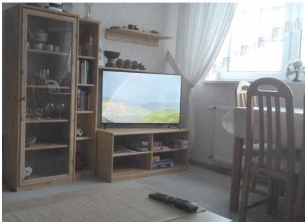
Vue partielle de la salle de séjour

Les linge de lit, des serviettes, internet, télé- phone et frais accessoires sont incluses.
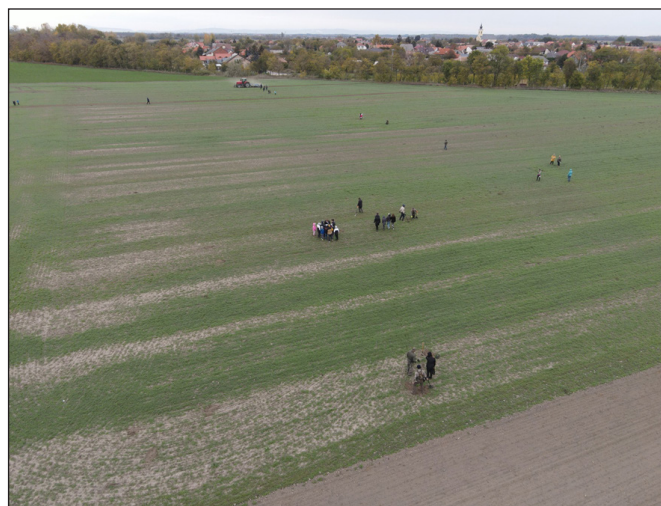
3. kép. Drónfelvétel a Bezenye határában folytatott közösségi régészeti programról

Ennek szellemében fogalmazódott meg az ötlet, hogy Bezenye helyet adhatna a közösségi régészet eszköztárának gyakorlati bemutatására. A helyi községi önkormányzat és az általános iskola diákjai bevonásával folyt fémkeresős vizsgálat a település délnyugati részén egy ismert, de régészetileg mindmáig nem kutatott területen. A 19. században Sötér Ágost (SÖTÉR 1898), majd fél évszázaddal később
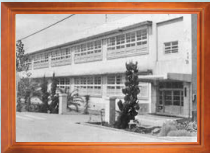
昭和39年3月●稲原西小学校完成
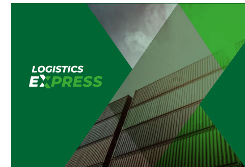
Símbolo contenedor de imágenes sobre fondo verde
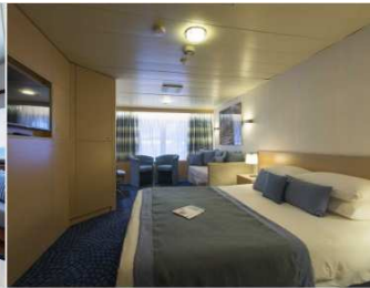
(7-APOLLO) SJ - Suites Junior
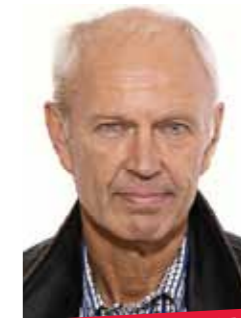
PIERRE SCHORI, DIPLOMAT OCH EXPOLITIKER

→ Anmälan: Från 21 februari via telefon till 08-429 70 14
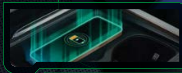
Ładowarka indukcyjna o mocy 50W
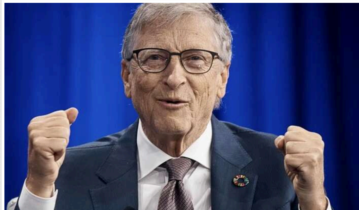
NYT: Білл Гейтс пожертвував 50 мільйонів доларів на кампанію Гарріс

Засновник Microsoft, американський бізнесмен та інвестор Білл Гейтс пожертвував близько 50 мільйонів доларів на виборчу кампанію кандидатки від демократів, віцепрезидентки Камали Гарріс. Цей крок викликаний занепокоєнням Гейтса щодо того, яким буде друге президентство республіканця Дональда Трампа.
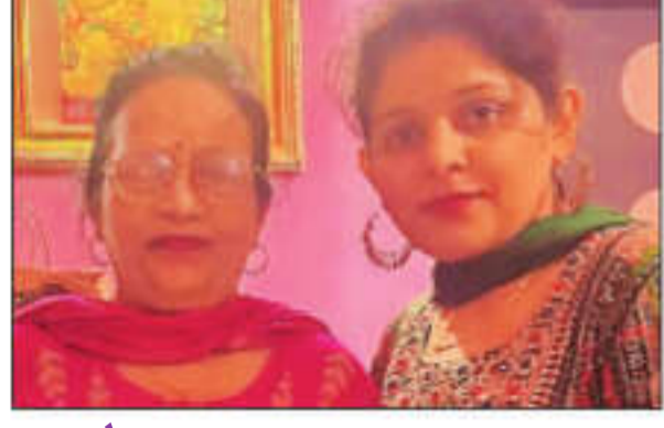
घरेलू कलह से परेशान था आरोपी। वारदात के बाद बच्चों को लेकर फरार आरोपी को पुलिस ने किया गिरफ्तार।
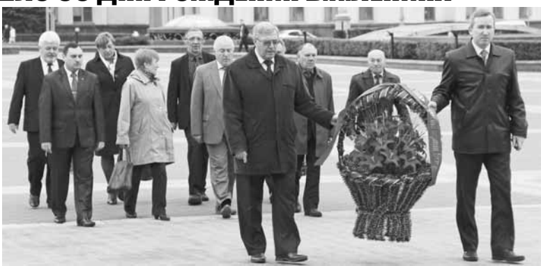
сти и сегодня. Под руководством возглавляемой им партии

Выдающийся философ и экономист, юрист, человек с великим даром предвидения, творческое наследие которого не потеряло своей актуаль-
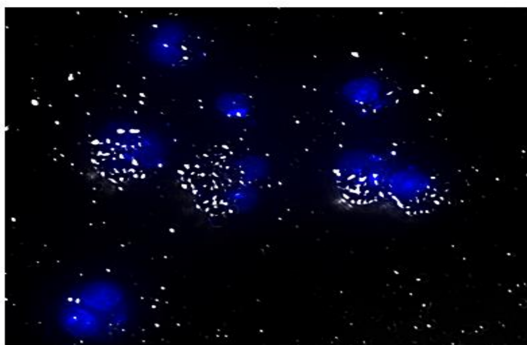
Figura 1. Microscopia combinando campo escuro e imagem fluorescente. Células CHO-K1 binucleadas tratadas com 53 µg/mL de NPs de NbO, fixadas com metanol e coradas com 10 µg/mL de DAPI. Núcleos celulares aparecendo em azul e NPs aparecendo como pontos brancos.

Após o tratamento das células com as NPs de NbO, foi observado um aumento significativo na frequência de MN, em todas as concentrações de NbO avaliadas, revelando a instabilidade cromossômica associada às NPs (Tabela 1). Não foram observados aumentos significativos na frequência de células binucleadas com PN e com BN. Somado a isso, os resultados revelaram que as NPs de NbO foram distribuídas e sedimentadas em células CHO-K1 formando agregados que passaram através da membrana celular, concentrando-se na região perinuclear (Figura 1).
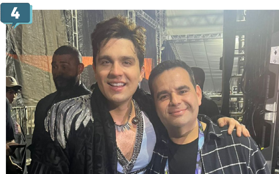
Luan Santana e Eduardo Maluf
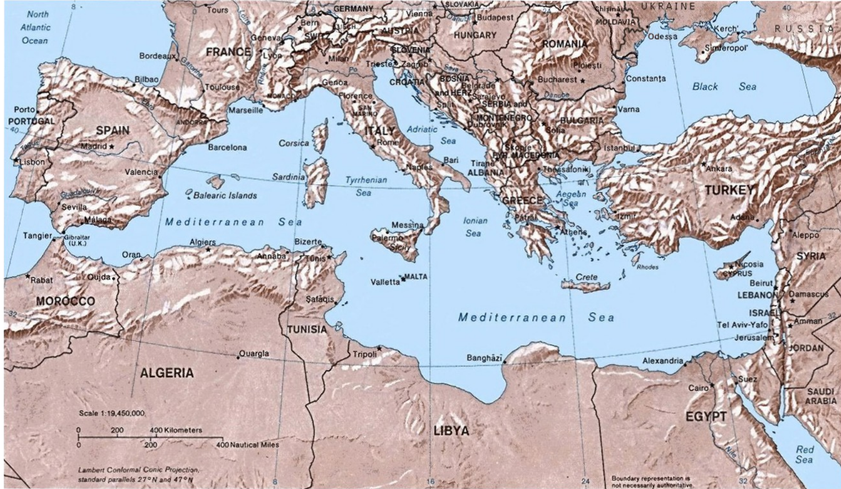
Spain, France, Italy, Malte, Slovenia, Croatia, Montenegro, Albanie, Greece, Turquie, Chypre, Syrie, Liban, Israël, Palestine, Maroc, Algérie, Tunisie, Libye, Égypte
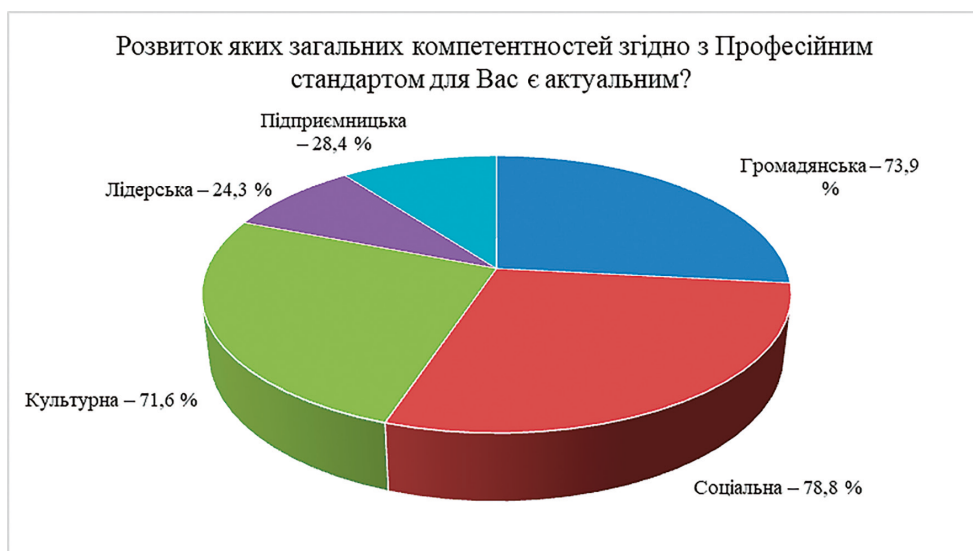
Рис. 2. Структура загальних компетентностей професійного стандарту
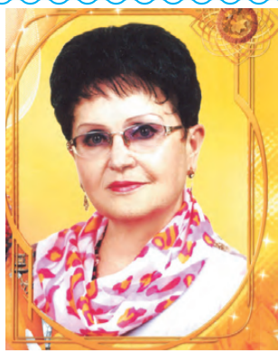
Мы ценим Вас, конечно, без сомнения, И признаём Ваш труд мы непростым. Родители и ученики 5 «а» класса школы №3.

Мы поздравляем с юбилеем И пожелаем счастья в этот час, И пусть придут к Вам радость и веселье, Ведь лучше педагога нет у нас. Пусть глаза от радости искрятся, Пусть улыбка не покинет губ, Пусть будет ежегодно расширяться Талантливых детишек целый круг. Мы Вам желаем капельку терпения К настойчивым, активным и смешным.
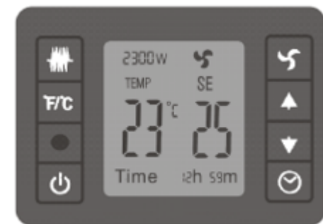
Illustration 1: Панель управления Устройством можно управлять с помощью дисплея или пульта дистанционного управления.
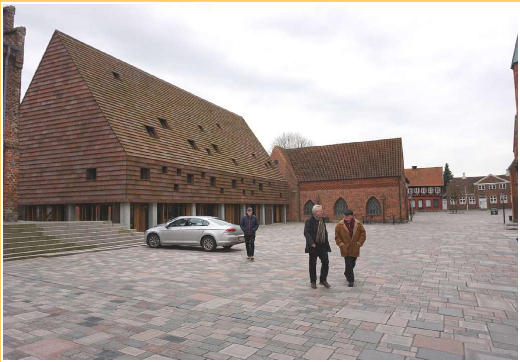
Det nye menighedshus i Ribe
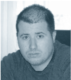
Piše: Gregor Cerar, univ. dipl. prav.

Delavka je že 12 let zaposlena pri samostojnem podjetniku. Sklenjeno ima pogodbo za nedoločen čas za polni delovni čas. Delodajalec ji je napovedal, da ji bo zato, ker se je obseg dela v podjetju zmanjšal, ponudil v podpis novo pogodbo in jo zaposlil le za 4 ure. Delavka se s tem ne strinja in sprašuje, kaj se zgodi če te pogodbe ne podpiše. Zanima jo tudi, ali jo delodajalec v tem primeru lahko odpusti in ji ni dolžan plačati odpravnine.
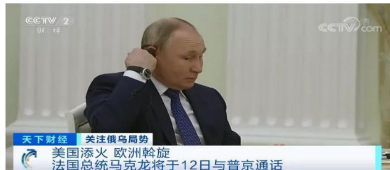
天下财经 关注俄乌局势
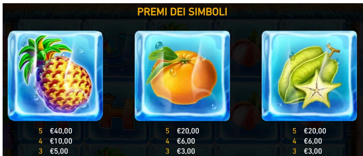
Figura 2 tabella dei pagamenti 1

Fai clic sull'icona X per lasciare le pagine delle Info e tornare al gioco.
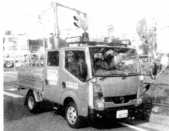
ニッサンアトラス(ダブルキャブ車) 排気量1,990CC、定員6名(黄色燈・広報スピーカー装備)※念願のエアコンも装備され、運転席からの視界も良好となりました。

8月に10年以上使用した先代の広報車を新車と入れ替えました。これから防犯パトロール他町会活動においてに活用いたします。
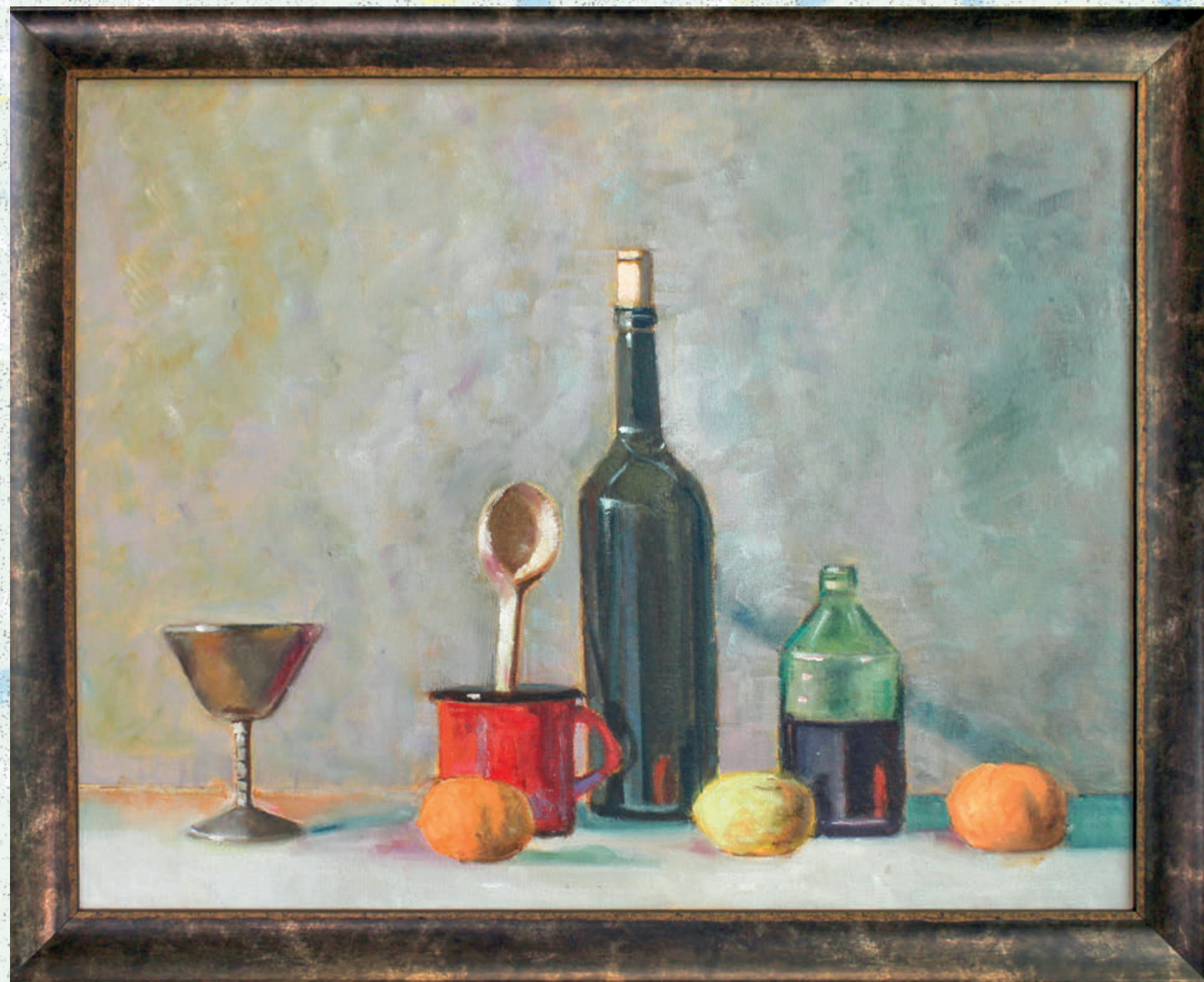
Mrtva priroda ulje na platnu 70x50 cm 2019. god.
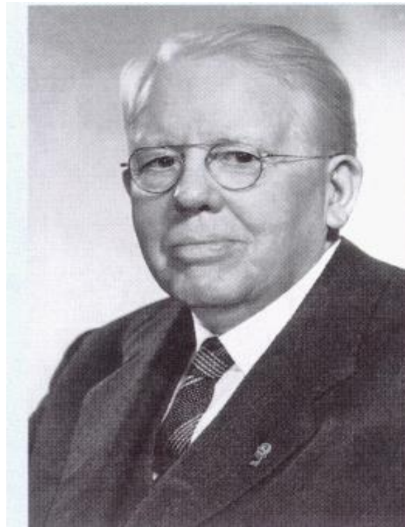
Melvin Jones 1879 - 1961

Lions-järjestö perustettiin Chicagossa 7.6.1917
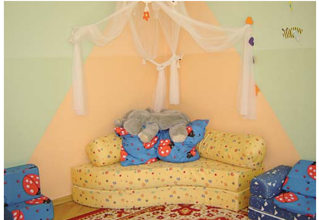
Die Kuschecke lädt ein zum Träumen und Verweilen.

Insgesamt wurden knapp 400.000 Euro bereit gestellt, um den Kindergarten zu modernisieren. Das Haus und seine Räume haben sich in wahre Schmückstücke verwandelt.
+++
**The problem**
Each line that mentions the string "Гейтс" must be copied from the listing.

**Task output**
NYT: Білл Гейтс пожертвував 50 мільйонів доларів на кампанію Гарріс
Засновник Microsoft, американський бізнесмен та інвестор Білл Гейтс пожертвував близько 50 мільйонів доларів на виборчу кампанію кандидатки від демократів, віцепрезидентки Камали Гарріс. Цей крок викликаний занепокоєнням Гейтса щодо того, яким буде друге президентство республіканця Дональда Трампа.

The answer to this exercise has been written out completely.